Cowl induction has been used since the early days of Grand Prix racing in 1910. This method is a proven, if somewhat antiquated, way to make horsepower. Cowl induction hoods use a backward-facing scoop in the hood to draw in some of the cool, high-pressure air that collects on the windshield at speed. Though a properly engineered cowl-induction system looks good and works well, there are a number of options available on the market that don't carry many of this system's drawbacks.
As a car punches through the stagnant air at high speed, there are a number of areas that tend to accumulate high-pressure pockets. The front bumper, grille, headlights, windshield and wheel-well are the most common areas.
Since engines make more power with cool outside air than the hot ambient air found in the engine bay, it seems logical to tap these high-pressure pockets to feed air to the engine. In addition to lowering air temperature, increasing the air pressure around an intake artificially crams more air into the engine than the static air could, which is similar to how a supercharger functions.
Cowl induction hoods are used for a number of other reasons as well, prime amongst which are intake clearance and cooling. Since many performance intakes -- particularly those found on carbeurated vehicles -- are taller than stock, there may not be enough room under the hood to fit an air cleaner.

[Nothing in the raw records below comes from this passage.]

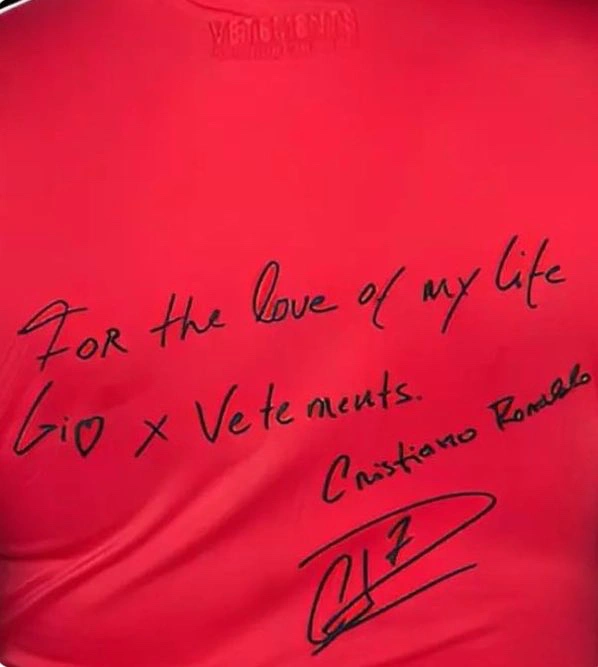 يحمل رقم واسم حبيبها نجم كرة القدم كريستيانو رونالدو، مع توقيع وهدية من الأسطورة نفسه.
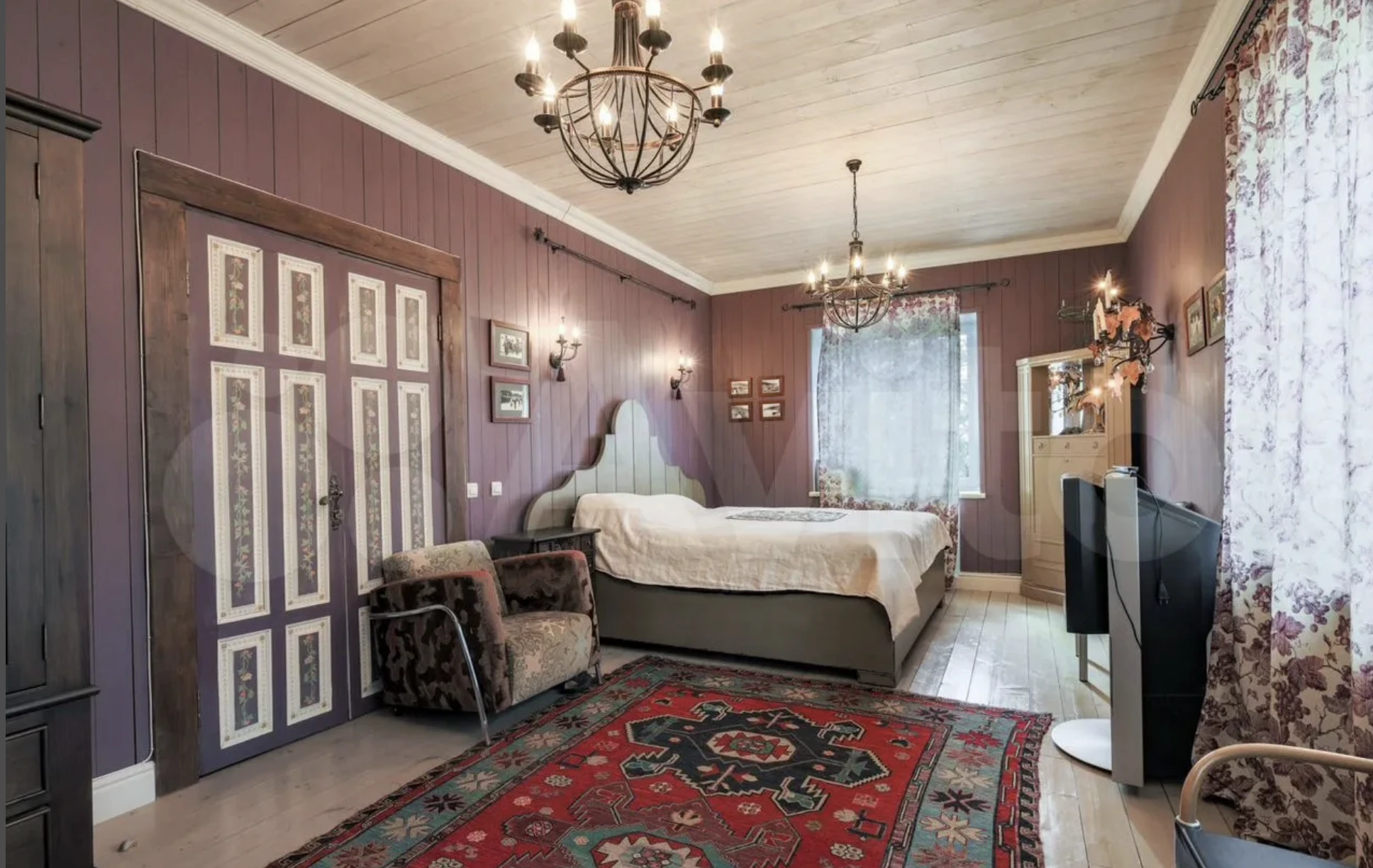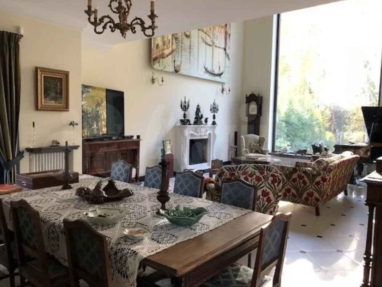 Следующий объект — трехэтажный дом в Одинцовском городском округе площадью 570 кв. м за 62 млн руб. Кирпичный дом с косметическим ремонтом выделяется классической архитектурой и парадными интерьерами. Высокие потолки, винтажные двери и декоративные элементы в гостиной и столовой формируют образ большого семейного дома. В планировке предусмотрен винный погреб с дегустационным залом, гараж в периметре здания и участок площадью 15 соток, расположенный в тупике с респектабельным окружением.
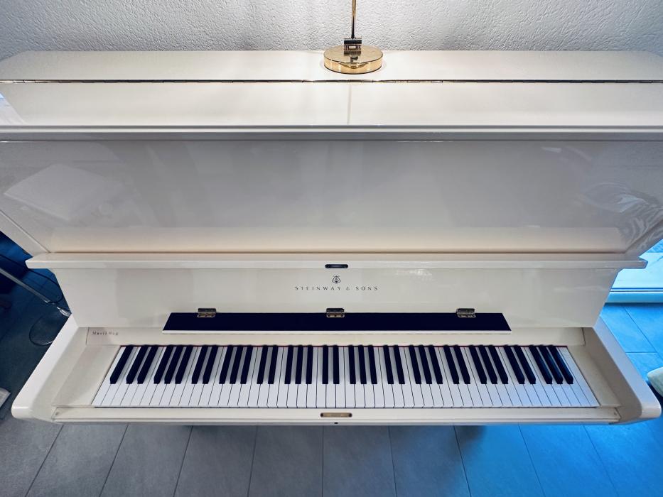 Klavier der Marke STEINWAY / Modell K-132 in der Farbe Weiss poliert, Baujahr 2009 (gekauft Mai 2010).
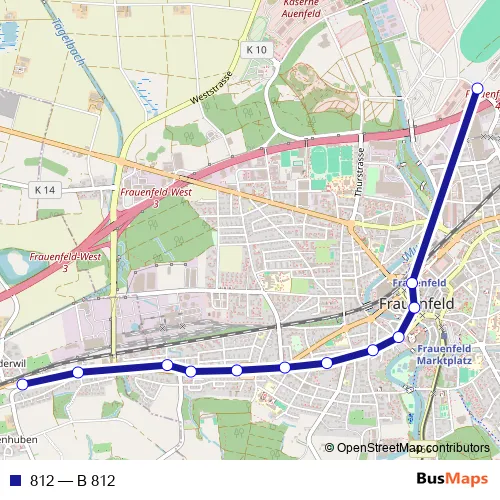 The first stop of the 812 bus route is Frauenfeld, Grosse Allmend and the last stop is Frauenfeld, Sandbüel. 812 (B 812) is operational during täglich.

The second ancillary function of cowl hoods has to do with cooling. Though these hoods draw in cool air while at speed, when idling or cruising at low speed they go from intake to exhaust. Since performance cars tend to produce excess heat when idling, the ability to vent hot air from the engine bay may be the difference between a fun night out and a melted motor.
Cowl induction hoods can help to smooth the airstream passing over a car at speed, but can be more of a detriment to high-speed handling than anything else. If the cowl inductor is not sealed to the intake, the cowl can actually pressurize the engine bay at high speeds. This can lift the front of the car slightly, causing a dangerous understeer condition at speeds over 150 mph.
The main drawback to a cowl induction hood is weather. Though some hoods are available with manual bypass valves and catch pans for water, many choose the cheaper alternatives that do not. Even in hoods that have these features, some water may work its way into the intake, particularly if there is a sudden and severe rainstorm and you don't remember to open the bypass.
Cold air intakes that draw air from the wheel-wells carry many of the same benefits of a cowl-induction set-up, without the weather worries or aerodynamic concerns. These intakes also tend to be a great deal cheaper than cowl hoods, but won't win you any cool points at the local cruise-in.
So-called "ram-air" set-ups are ducted to a forward-facing inlet in the front bumper or grill, since these areas experience much air greater pressure than the sloped windshield. With the right ducting, a proper ram-air tube can be up to 25 percent more efficient than a cowl induction hood and may actually generate as much as 2 to 3 psi of boost at very high speed.